Dem Werk fehlt das musikalische Fleisch
"Thamos" ist heute nur noch sehr selten zu hören, denn für eine eigenständige szenische Aufführung gibt es schlichtweg zu wenig musikalisches Fleisch. Aus diesem Grunde wurde es um drei Arien aus der "Zauberflöte" und Auszüge aus dem "Zaide"-Fragment von Mozart ergänzt, und diese Aneinanderreihung ist hör- und sichtbar. In Mary Shelleys "Frankenstein" versucht der gleichnamige Doktor durch die Zusammensetzung verschiedener Teile den perfekten Menschen zu erschaffen, scheitert aber bei der Umsetzung. Auch der Salzburger "Thamos" wird zeitweise zur Kreatur.
Aus einem Guss sind weder die Handlung noch die Musik - der Vergleich mit der "Zauberflöte" wird zur Last. Zwar sind die Zwischenspiele ein guter Fingerzeig auf das, was Mozart als junger Mann schon an geniereichem Potenzial in seiner Musik verbaute, doch in direkter Gegenüberstellung mit der an Lebensweisheit ausgereiften Opernmusik wirkt "Thamos" tatsächlich noch schwach auf der Brust. Da kann auch Dirigentin Alondra de la Parra nicht mehr viel ausrichten, auch wenn sie ihren Mozart gut studiert hat und ihm viel Anmut und Herz mitgibt.

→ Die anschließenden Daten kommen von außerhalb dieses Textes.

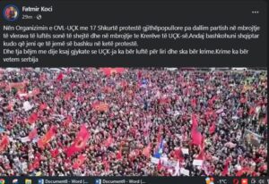 “Nën Organizimin e OVL-UÇK me 17 Shkurtë protestë gjithëpopullore pa dallim partish në mbrojtje të vlerave të luftës sonë të shejtë dhe në mbrojtje te Krerëve të UÇK-së. Andaj bashkohuni shqiptar kudo që jeni qe të jem së bashku në ketë protestë. Dhe t’ia bëjmë me dije kësaj gjykate se UÇK-ja ka bërë luftë për liri dhe s’ka bërë krime. Krime ka bërë vetëm Serbia”, ka shkruar ai.

Vielleicht liegt es aber auch am geringen Wirkungsspielraum, den La Fura dels Baus den Zwischenspielen lassen. Sie verblassen zeitweise zur Begleitmusik, da die wirklich aufregenden Dinge auf der Bühne passieren. Da sind die Katalanen um Carlus Padrissa in ihrem Element. In schwindelerregenden Höhen fliegen Akrobaten in aufwändigen Kostümen durch die Felsenreitschule, aufwändige Videoproduktionen dystopischer Zukunftsstädte werden an die Fassade geworfen und auch Feuer und Wasser finden immer wieder ihren Einsatz in dieser Inszenierung.

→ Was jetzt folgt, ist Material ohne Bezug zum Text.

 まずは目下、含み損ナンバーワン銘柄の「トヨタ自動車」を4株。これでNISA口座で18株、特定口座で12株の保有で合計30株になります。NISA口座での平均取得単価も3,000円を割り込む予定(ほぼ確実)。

Auch die Sänger sind vor den akrobatischen Einfällen Padrissas nicht gefeit. Unter, auf und hinter der großen Iris gibt Nutthaporn Thammathi durchwegs heldisch den Thamos und verzieht auch dann keine Miene, wenn sich ein geballter Schwall Wasser über ihm ergießt. Er denkt sowieso nur an seine Tharsis, und das kann man ihm durchaus nicht verübeln, denn Fatma Said singt sie federleicht und sanft, mit Spitzen wie gehaucht, die sich aber tief in die Knochen setzen. Und René Pape, der ist eigentlich Sarastro und nicht König Menes. Nicht etwa, weil er dessen Arien singt, sondern weil er mit jedem Ton die Würde, Größe und Gelassenheit des Fürsten aus der "Zauberflöte" aussendet.
Die Kreatur wird Viktor Frankenstein in Shelleys Roman bekanntlich zum Verhängnis. Auch der Salzburger "T.H.A.M.O.S." ist am Ende einfach zu viel gewollt. Die Handlung erliegt dem Spektakel und wirkt dadurch immer wieder an den Haaren herbeigezogen, die Verschränkung der Musikstücke inhomogen und am Ende alles zusammen ein wenig erschlagend. Dafür gibt es vom Publikum anerkennenden Applaus, für mehr dürfte ihm aber nach gut eineinhalb Stunden Eindrucksfeuerwerk auf sämtlichen Kanälen schlichtweg die Energie fehlen.
Wie im "Frankenstein" führt der gute Wille auch hier nicht zwangsläufig zum gewünschten Ergebnis, umbringen wird es bei der Mozartwoche natürlich trotzdem keinen. Villazon hat dafür noch genügend Asse im Ärmel und bei der Programmpräsentation zumindest für 2020 eine etwas frommere szenische Produktion versprochen, den "Messias".